*** Listed entries ***

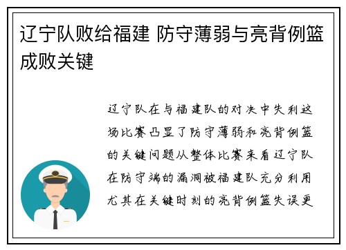 辽宁队在与福建队的对决中失利,这场比赛凸...
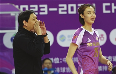 女排决赛,王宝泉教练为场上球员鼓劲。
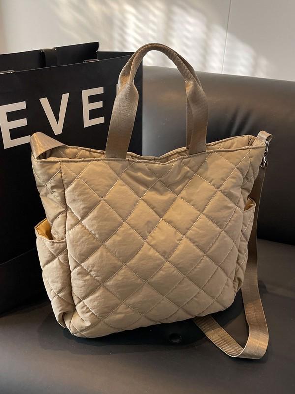 Large Capacity Quilted Tote Bag - Korean Style Versatile Cotton Coat Bag, High-End Fashion Shoulder & Crossbody Bag for Autumn and Winter
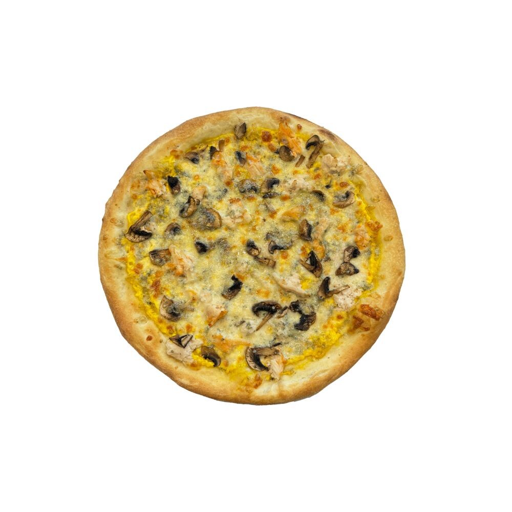 Моцарелла, курица, шампиньоны свежие, сыр с плесенью, соус сырный
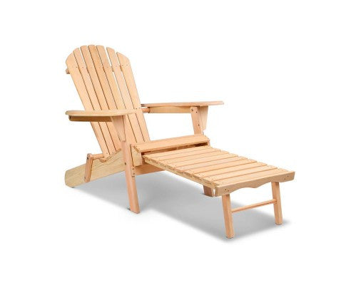ORBITS OUTDOOR WOODEN BEACH CHAIR WITH A SLIDE-OUT FOOTSTOOL - NATURAL
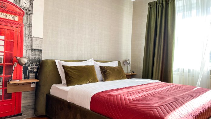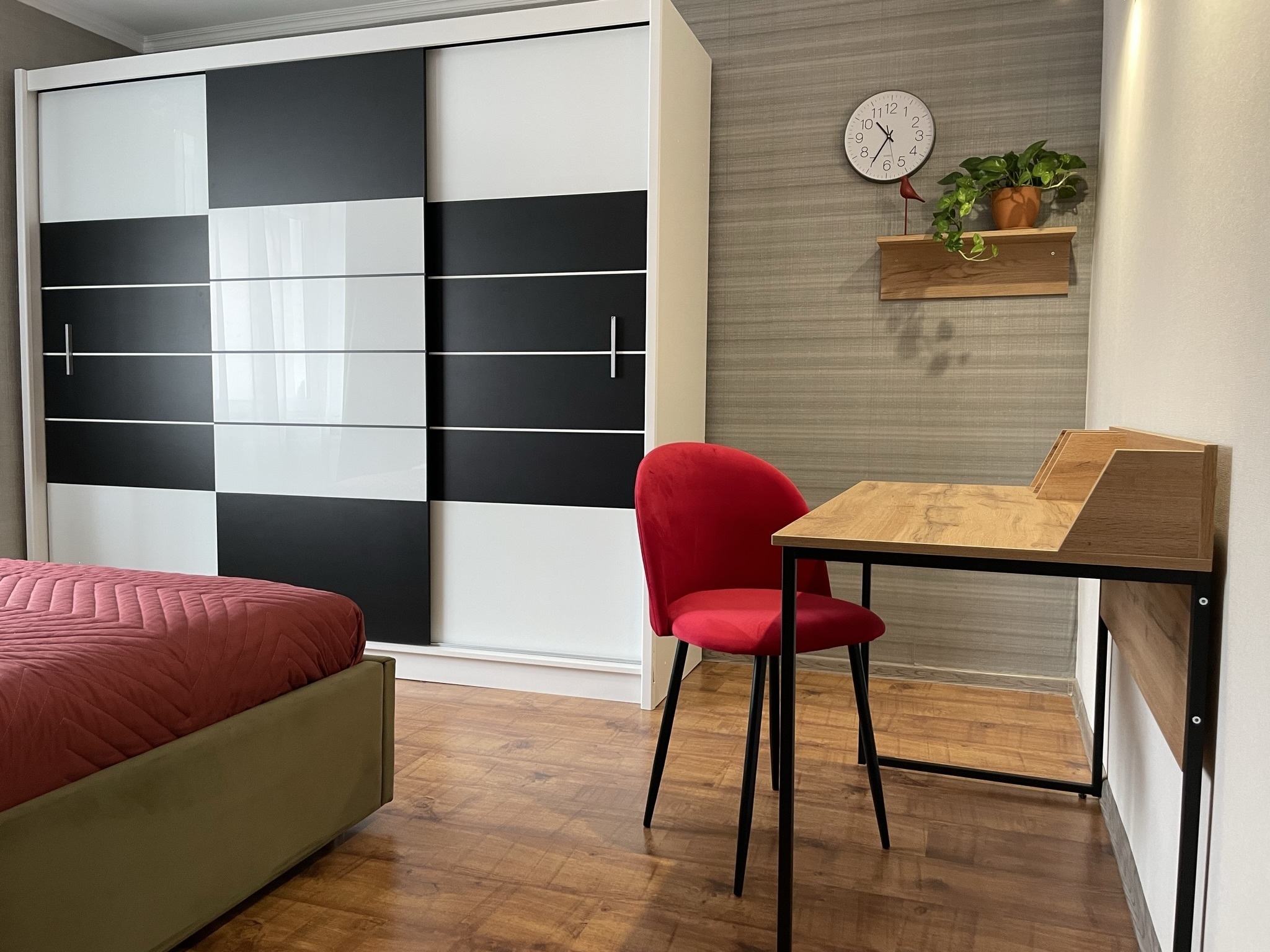 Спальня: оснащена двуспальной кроватью 160*200, прикроватные тумбы и светильники, просторный шкаф для хранения вещей, рабочий стол и стул, шторы блек-аут. Окна выходят в тихий двор.
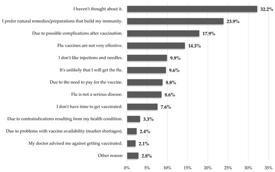 Of all respondents, 83.1% (n = 4157) declared that they had not received an influenza vaccination in the last three years. Of this group, 32.2% indicated that they had not considered it at all. Natural remedies/preparations to build immunity were mentioned by 23.9% of this group. Subsequently, possible side effects (17.9%) and the low effectiveness of flu vaccinations themselves (14.3%) were listed. Detailed data are presented in Figure 2.
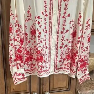 Escada White and Red Embroidered long sleeve button down blouse
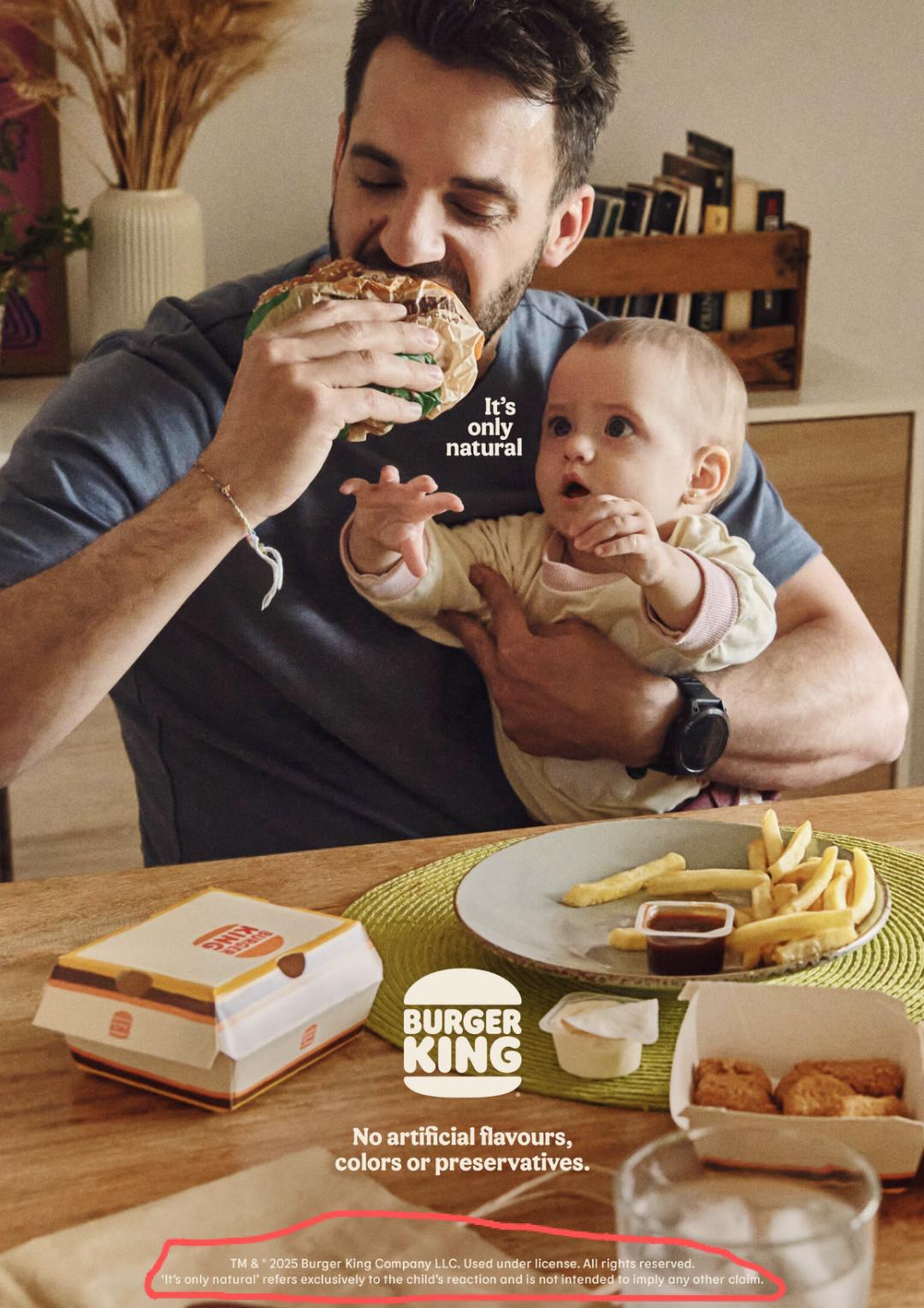 然而,当人们将视线移到海报最底部的角落,一行几乎难以辨认的小字才揭示了谜底:所谓的自然,并非指汉堡食材的天然,而仅仅是婴儿渴望食物的自然反应。人们瞬间觉得被耍了。

*** End of Listed entries ***

Give back an exact repeat of the lines from the top of the data through the line that holds "ORBITS OUTDOOR WOODEN", both included, and omit pictures.

** Solution below **
 辽宁队在与福建队的对决中失利,这场比赛凸...
 女排决赛,王宝泉教练为场上球员鼓劲。
 Large Capacity Quilted Tote Bag - Korean Style Versatile Cotton Coat Bag, High-End Fashion Shoulder & Crossbody Bag for Autumn and Winter
 Моцарелла, курица, шампиньоны свежие, сыр с плесенью, соус сырный
ORBITS OUTDOOR WOODEN BEACH CHAIR WITH A SLIDE-OUT FOOTSTOOL - NATURAL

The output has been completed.